[Stored data entries]

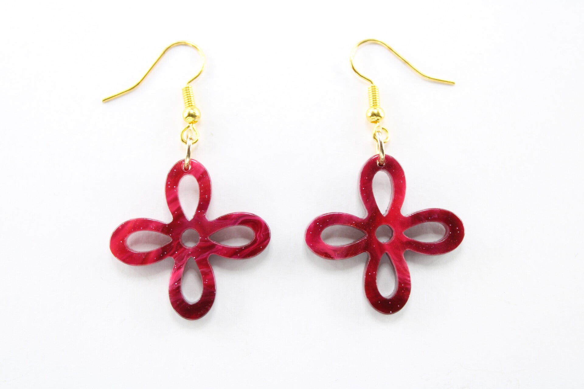 Rode oorbellen met een opgewerkt bloem- of klavermotief
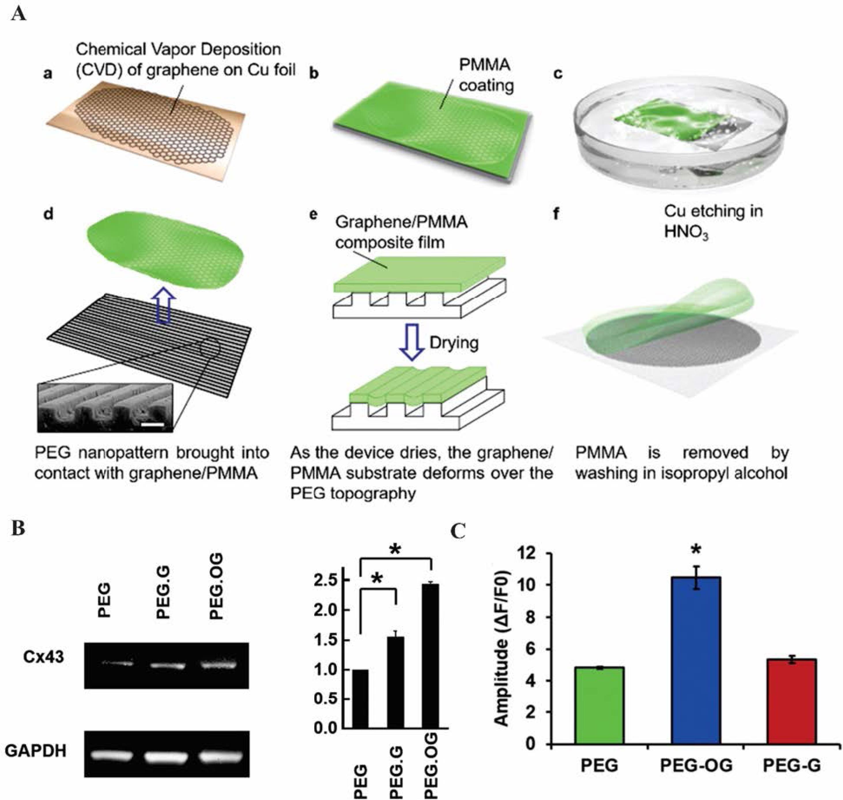 The micro-and nano-patterned conductive GR–PEG hybrid scaffold for cardiac tissue engineering. (A) Illustration of patterned conductive GR–PEG hybrid scaffolds process. (a) A GR layer formation by chemical vapor deposition (CVD) on copper foil, (b) PMMA coated on GR layer, (c) The copper foil was etched in an HNO3 bath, (d) GR/PMMA composite was placed in water and PEG patterns were raised to contact with the topography, (e) The GR/PMMA was dried on PEG substrate. GR/ PMMA in the groove region was prepared by the GR/PMMA layer wets the micro-and nano-patterned PEG, (f) G-PEG was washed with isopropyl alcohol and rinsed in de-ionized water. (B) Characterization of gap junction protein expression by Western blot analysis and Quantification of Cx43 expression in PEG, PEG.G, and PEG.OG. (C) Analysis of calcium transient waveforms and Ca2+ transient amplitude of PEG, PEG.G, PEG.OG in the grown cardiac cells.64 Copyright 2017. Reproduced with permission from the Royal Society of Chemistry. GR, graphene; PMMA, poly(methyl methacrylate); PEG, polyethylene glycol.
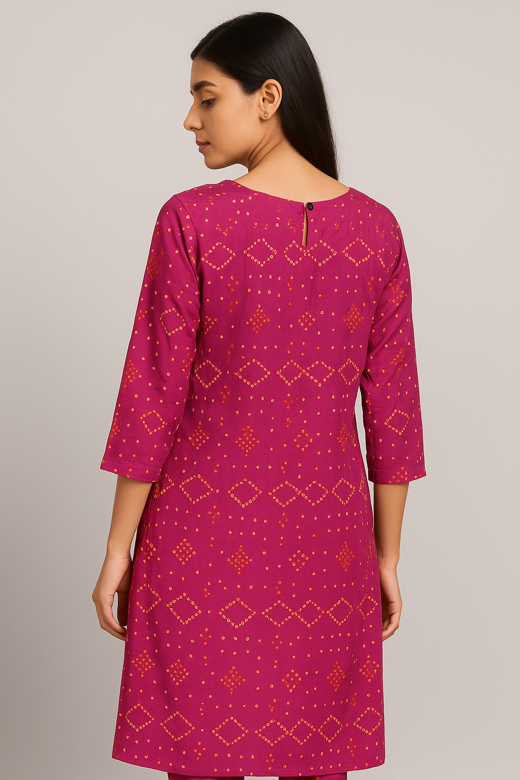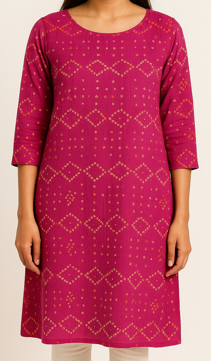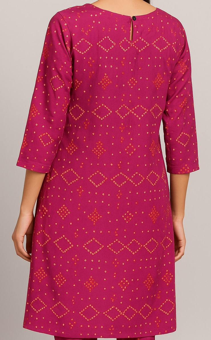 This magenta straight kurti blends traditional charm with modern comfort. Made from a soft, breathable fabric, it features a vibrant dotted geometric print in a bandhani-inspired pattern. The round neckline and 3/4 sleeves offer a timeless silhouette, while the button-loop closure at the back ensures a secure fit. Ideal for both casual and semi-formal occasions, pair it with leggings or palazzos for a versatile ethnic look.
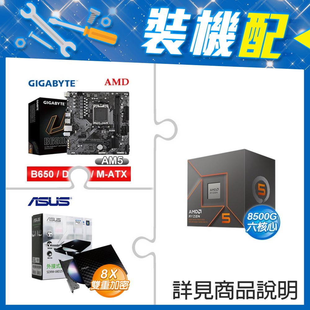 ☆裝機配★ AMD R5 8500G+技嘉 B650M H MATX主機板+華碩 SDRW-08D2S-U 外接式燒錄機《黑》
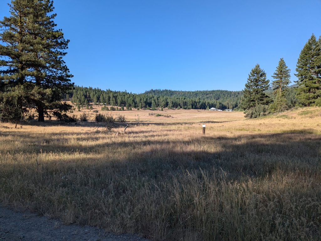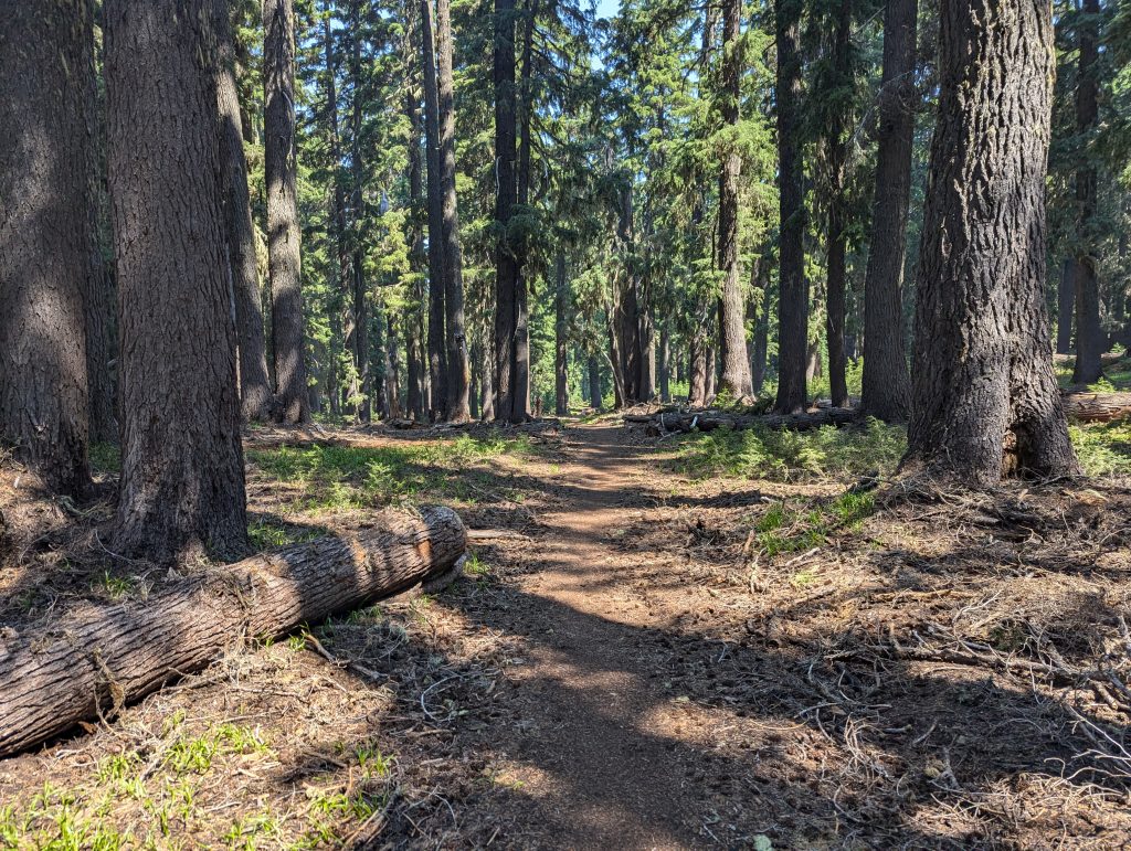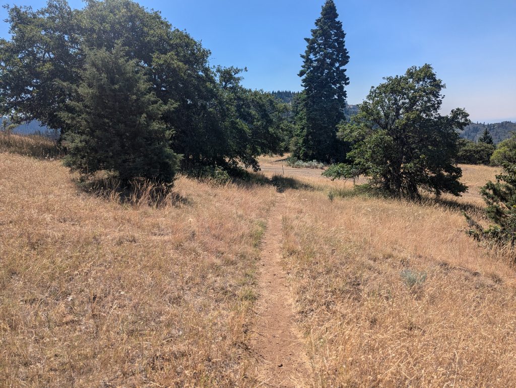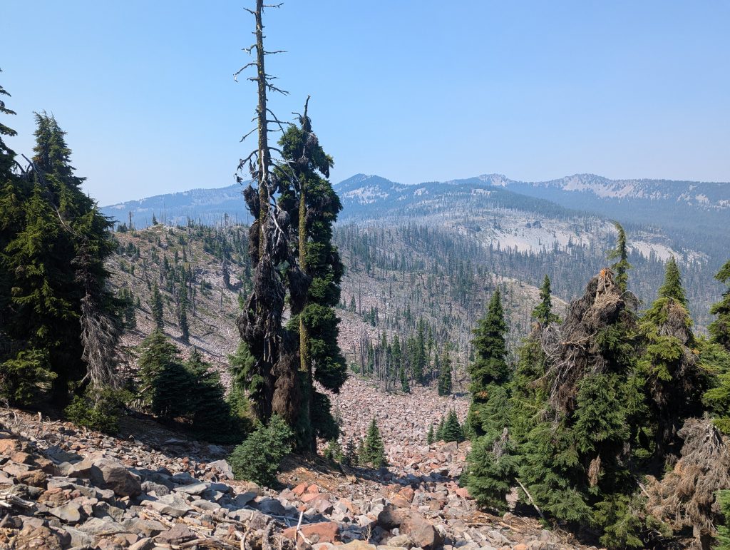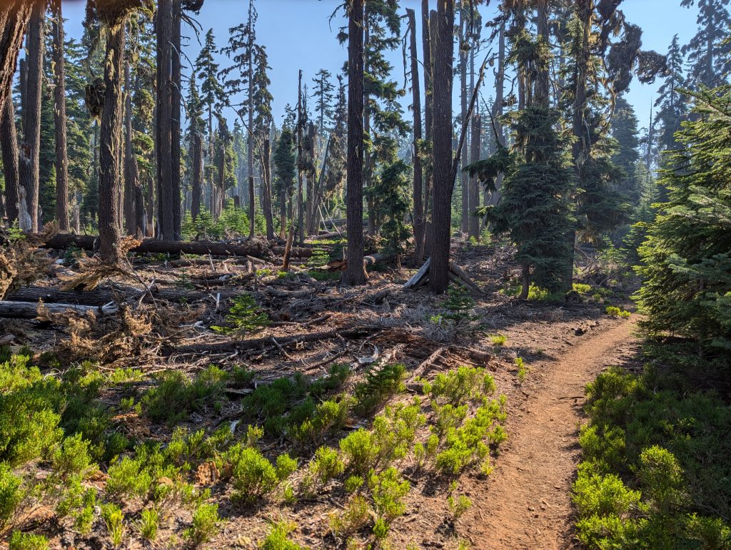 Danach laufen wir gegen 11 Uhr los. Auch wenn mir häufiger berichtet wurde, dass Oregon sehr flach sei, geht es doch erstmal eine ganze Weile bergauf. Lange Zeit bin ich dabei im Wald unterwegs und zwischendrin gibt es auch freie Stellen, von wo aus ich nochmals einen Blick auf den Mount Shasta werfen kann, welcher aber etwas im Rauch der Feuer der Umgebung verschwindet.
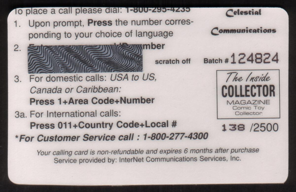 Since we have the world's largest inventory of USA phonecards for collectors, you will not necessarily receive the identical serial/batch/PIN number that we have scanned/pictured.

* [YOUR TASK] Print the lines from the line with "Danach laufen wir" to the end of the data above. Include both ends, exclude the pictures, and add nothing else.

* [SOLUTION FOR THIS EXERCISE]
 Danach laufen wir gegen 11 Uhr los. Auch wenn mir häufiger berichtet wurde, dass Oregon sehr flach sei, geht es doch erstmal eine ganze Weile bergauf. Lange Zeit bin ich dabei im Wald unterwegs und zwischendrin gibt es auch freie Stellen, von wo aus ich nochmals einen Blick auf den Mount Shasta werfen kann, welcher aber etwas im Rauch der Feuer der Umgebung verschwindet.
 Since we have the world's largest inventory of USA phonecards for collectors, you will not necessarily receive the identical serial/batch/PIN number that we have scanned/pictured.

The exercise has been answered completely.